Is it possible to store a command inside a variable?
i want this piece to be stored inside a variable, so i can use it later in a different command
$u | cut -d " " -f 2
var="$u | cut -d " " -f 2"
eval $var
I tried to use eval but I receive this error:
-f 2: command not found
Anyone know if this is possible?
Thanks
It is a really bad idea. It is extremely insecure, dangerous, error-prone(not just malfunctioning but syntax errors out of the blue given unexpected input), difficult to pass values into and out of, and incomprehensible to anyone who didn't write it (and often enough, to the writer, eventually).
Wanting to do so usually means more ordinary methods like functions, variables, and loops have been overlooked.

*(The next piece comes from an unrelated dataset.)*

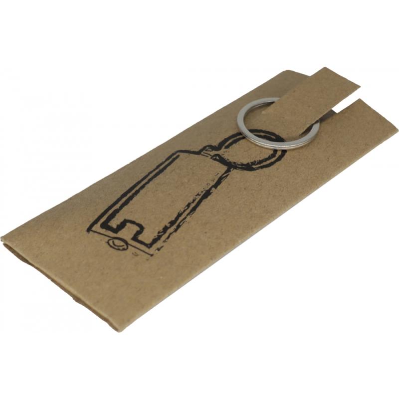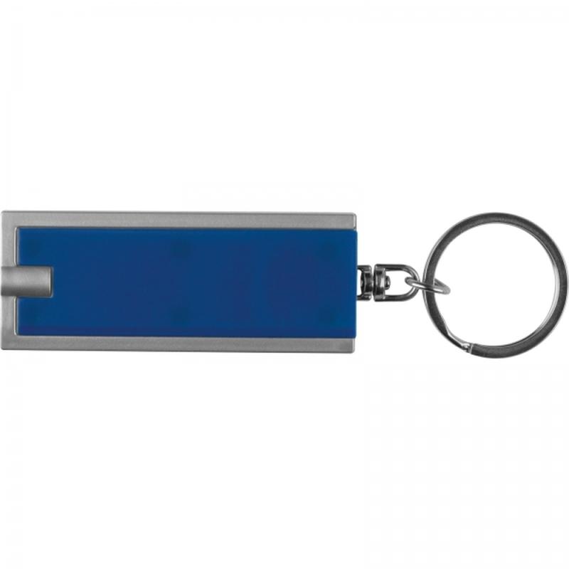Płaski, plastikowy brelok z wbudowaną latarką LED o białym świetle, na metalowym kółku. Produkt zawiera baterie.

What exactly is your goal here? What problem are you trying to solve by storing commands?
I Agree with Corona688 on this, buy the way your syntax issue is a quoting problem: double quotes within command and surrounding the var assignment.
var="$u | cut -d \" \" -f 2"
Also, it will assign the value of $u right then, and not get any "new" value when you use it later.
Functions do this. Use a function.
I agree with everything Chubler_XL, Corona688, and neutronscott have said, but just to be clear, the error you are getting is not from the eval ; it is from the command:
var="$u | cut -d " " -f 2"
which sets var to the string $u | cut -d (with $u expanded to the the current contents of the variable u ) and exports var into the environment of the command -f 2 (which the shell did not find on your search path).